Quando gli succedette il fratello Giacomo II, la situazione precipitò.
Nel 1688 il Parlamento depose il re e affidò la corona a Maria, sua figlia, e al
marito di lei Guglielmo d’Orange → l'avvenimento è ricordato con il nome di
rivoluzione gloriosa.
Con più di un secolo di anticipo sul resto d'Europa, l’Inghilterra divenne una
monarchia costituzionale → i nuovi sovrani, prima di essere incoronati, giurarono
su uno statuto che stabiliva i diritti del Parlamento e le libertà civili, mentre la
vita politica parlamentare si strutturava intorno alla contrapposizione tra due
partiti (Wighs e Tories).

Questo succedersi di avvenimenti straordinari corrispondeva a una


trasformazione radicale della visione dell'uomo e della società, che era anche,
innanzitutto, culturale, e che non poteva non riflettersi fortissimamente nella
produzione letteraria.

POESIA DELL’ETÀ GIACOMIANA

Il quadro della lirica composta nella prima metà del seicento è disegnato su una
bipartizione più o meno unita tra due linee o tendenze → metaphysical e cavalier.
Queste due tendenze furono originate dall'influenza preponderante di due poeti,
rispettivamente, John Donne e Ben Jonson → entrambi prendono le mosse della
poesia tardoelisabettiana contemporanea agli anni della loro formazione, se ne
allontanano poi maniera piuttosto sensibile e per strade divergenti.

CAVALIER → questo appellativo allude allo stesso tempo a un dato politico e


sociale e a un elemento fondamentale di contenuto, e cioè la celebrazione di
istituti, ideali o valori che sono propri della cultura aristocratica durante la prima
metà del seicento.
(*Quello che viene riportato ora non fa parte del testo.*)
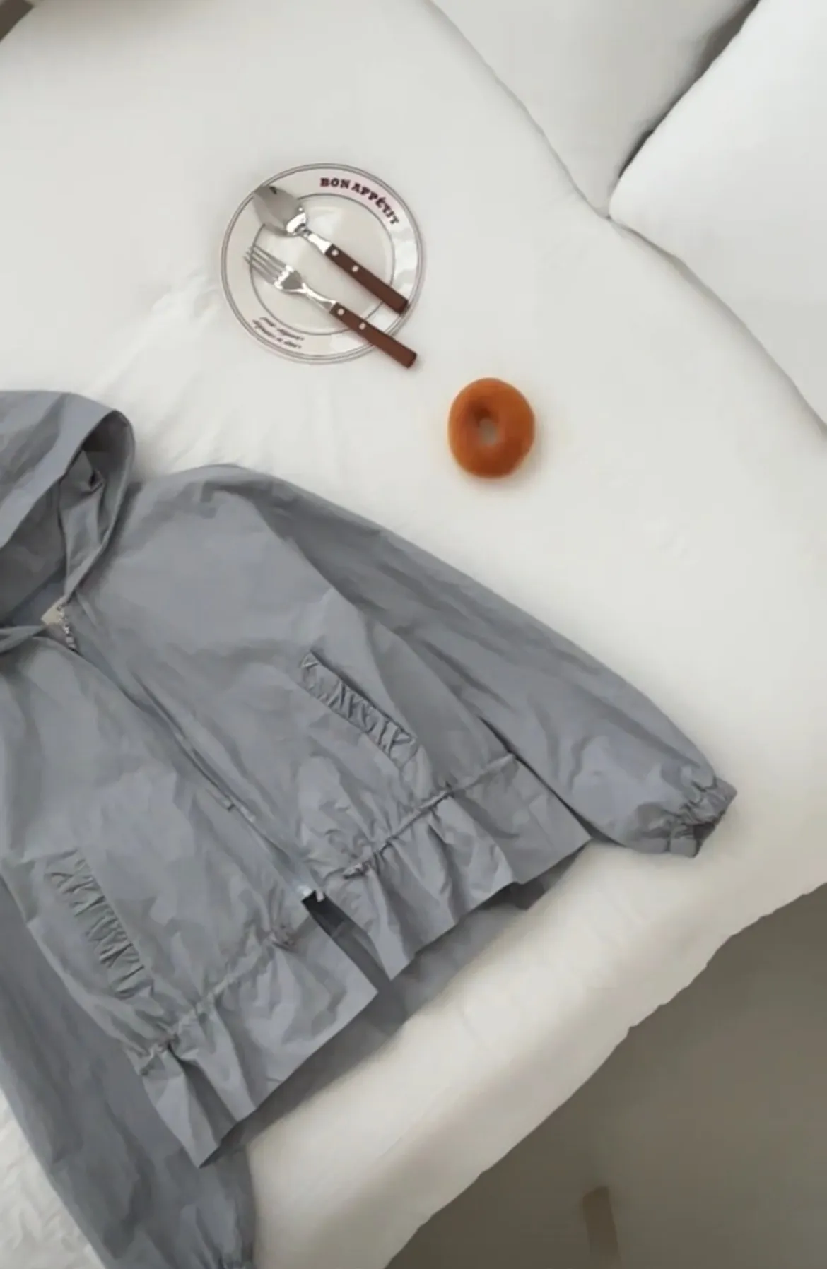 A9 0914(必買)高檔櫃質感連帽口袋抽繩荷葉下擺外套3色

Dal punto di vista della forma, la poesia dei cavalieri
tendenzialmente persegue l'equilibrio, la simmetria, la perfezione metrica,
modellandosi dichiaratamente sugli esempi della grande classicità, in particolare
sui latini.

METAPHYSICAL → termine più specificatamente letterario applicato a Donne e ai


suoi seguaci della critica neoclassica.
Oggi le caratteristiche determinanti che permettono di designare come ‘metafisica’
una lirica del seicento, tendono ad essere quelle legate in primo luogo alle scelte
stilistiche ed espressive: la concentrazione semantica, il wit (forza intellettuale),
l'uso del ‘concetto’ a scopo non esornativo ma essenzialmente argomentativo, il
carattere drammatico dell'enunciato dovuto al suo indicare esplicitamente i
propri destinatari, il frequente uso di immagini mutate dalla filosofia o dalle
scienze e perciò apparentemente estranee ai soggetti amorosi della poesia.